# "Slow" iptables NAT router?

## AvantLegion

I've got a Gentoo box running 2.6.11-hardened-r15, acting as a NAT router using iptables. 

I have no problem with basic usage and Xbox Live gaming, but one thing I've noticed is that I can get connectivity problems with some XBLive users. What's more, I notice that when plugging my cable modem directly into the Xbox to try and work around the problem, the Xbox performs tasks (like logging into Xbox Live) with much less delay than I'm used to when using the router box. From what I observe, I think the connectivity problems with certain other people stem from additional latency experienced in my normal setup (the games in question are, I believe, denying the game based on perceived "poor" connection latency between me and the other player).

These conditions are with nobody else using the network, so it's not a case of someone hogging bandwidth on another machine on the network. 

My question isn't to ask for a fix (as the details here are obviously too light for that), but rather I'm just looking for suggestions and ideas as to what the source of the problem MIGHT be.

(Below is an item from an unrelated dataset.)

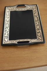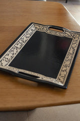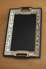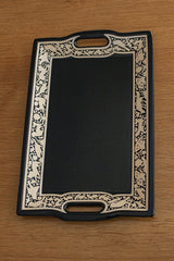 Technique: Handmade engraved lacquered platter in "rayado" technique from Olinalá. The "rayado" technique, meaning scratched, has its name from the use of an agave thorn or quill (usually goose feather) to etch the designs. A first coat is applied to the wooden piece then dried completely. A second coat is then applied and while still wet, this layer is removed in places to reveal the first color and create lace-like designs.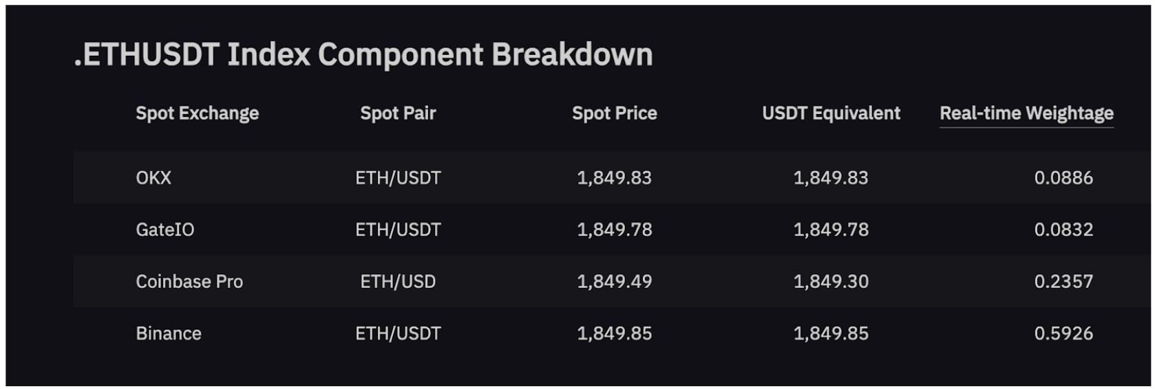 指数价格由 3 大变量决定:现货价格、USDT 交易对等值价格和实时权重。

Does sending traffic through the router box really add THAT much latency? Could there be something in my iptables rules (or perhaps something missing) that could lead to sub-optimal performance? I haven't really messed with QoS stuff yet, especially since the problem occurs when nothing else is tapping the network. Does the "hardened" kernel contain patches that might sacrifice network performance/latency in the name of security?

----------

## AvantLegion

Anyone? Bueller?

Can I at least get a hint as to if the "hardened" kernel might be (part of) the problem?

----------

## To

When that happends what's your processor and mem load?

How much RAM and swap you have?

Tó

----------

## josh

I came here looking for a solution to a problem I'm having. I have an iptables firewall in a production environment. Well, it isn't my server, I'm just an entry level programmer. But the server has become slow over the course of about 90 days. Its pretty tight. We only allow connections from a few hundred of our clients and drop the rest. The server is a Xeon 2.8G with 1G of Ram running the firewall. more specifically, its not slow routing traffic through it. But when you ssh in or try to do anything mildy cpu intensive, like 'ps' or 'w' it can take around 10 or 20 seconds. The load is not high and 'top' shows that the cpu is mostly idle (although top takes FOREVER to run). Nobody is worried about it because it is not slowing production in anyway. But I want to say taht it is a problem with the firewall script. Iptables is not properly flushed at the beginning of it. So everytime we add a new client, the script gets run again, without being flushed. Would this cause the system to slow up in this way?

----------

## opentaka

1. Could be your DNS problem? Sometimes under NAT, DNS resolve can be bit buggy, reversing your /etc/resolv.conf entry can be possible way of fixing it.

2. Faulty hardware? some crappy ethernet device REALLY make speeds slow (I had with my pcmcia eth) and also very (near 100%) CPU usage.

3. Faulty network cable? (well this sounds stupid but really, bended cables sometimes cause this problem)

aslo verifying that its not because of your client box by connecting another box etc also good idea.

cheers,

----------

## josh

Yeah, I've tried connecting from various boxes. I'm pretty sure it is not a problem with bad eth card or cable because any traffic traveling through that box seems fine. any mtr shows packets going through taking very little time. It only happens with the above mentioned situations. Just seems like any kernel activity has to wait in line. I figured that because iptables is built into the kernel that it gets its time with the processor first. But it just seems like its way too high.

----------